18.03.2009
Den Standard im Visier
Insolvenz auf gut Zeitungsdeutsch oder: Wie das Geld im österreichischen Fluss der Sprache fließt.
Rinnen, fließen, strömen, platschen, tropfen, träufeln, sprudeln, quellen. Das können Flüssigkeiten und Texte. Ein offenes Geheimnis: Dreht man den Wasserhahn mit kundiger (oder eben tastender) Hand an, so hat man Wasser, genauer gesagt fließend Wasser. Garantiert nass. Kalt oder warm, je nachdem, wie die Leutchen von Gasprom gerade aufgelegt sind. Und wo Wasser fließt, ist auch die Aqua nicht weit entfernt, sagt einem der gesunde Journalistenverstand. Möglicherweise gibt’s da sogar a bisserl H2O, wenn es sich so fügt.

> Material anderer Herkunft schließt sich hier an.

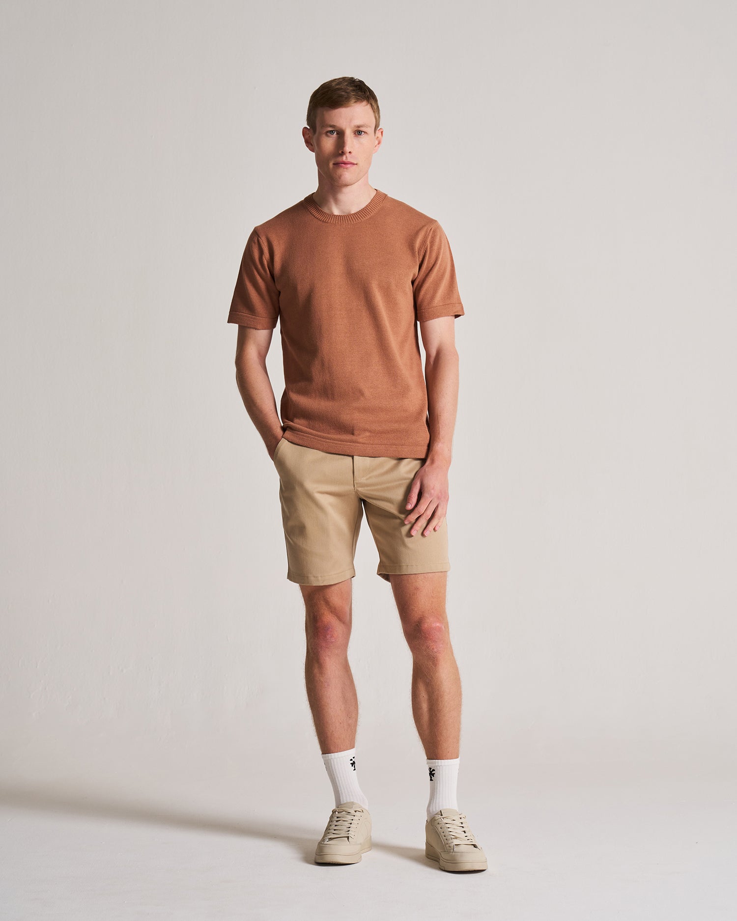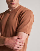 Designed to elevate and bring an interesting texture to a silhouette we all love wearing. A decadently soft, mid-weight 12 gauge fully fashioned knitted tee, made from 100% cotton. It features a ribbed neck, mock back yoke detail, and twin stitching at the shoulder and hem.
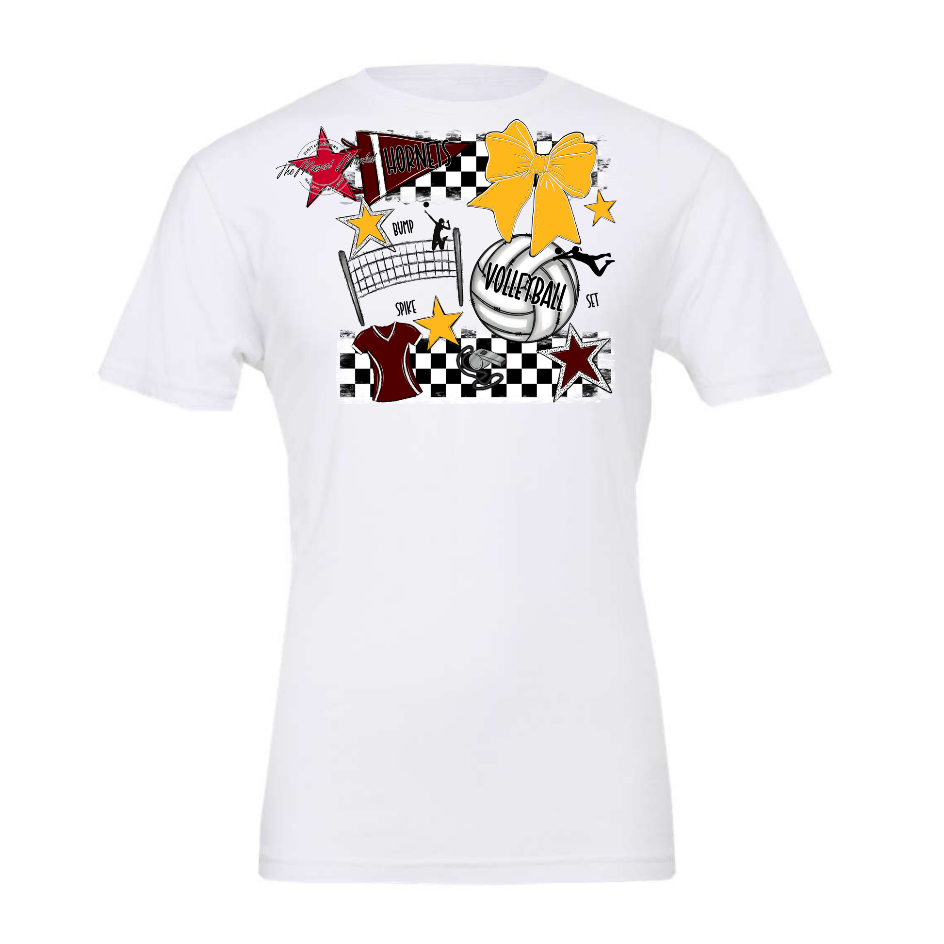 Hornets Checkers Volleyball Spirit Design-Maroon-Yellow

Doch nein! Wasser ist ja Aqua. Und Aqua ist H2O. Und das Kaiserliche ist zugleich königlich, und Istanbul ist Konstantinopol, und im Maisfeld steht der Kukuruz – manneshoch, wenn’s heuer viel geregnet hat. Wissen wir ja alles! Hundertfünfprozentig. Seit den Schuljahren. Seit je. Seit der Euro noch Schilling hieß. Und Franc und Deutsche Mark und Lira oder so.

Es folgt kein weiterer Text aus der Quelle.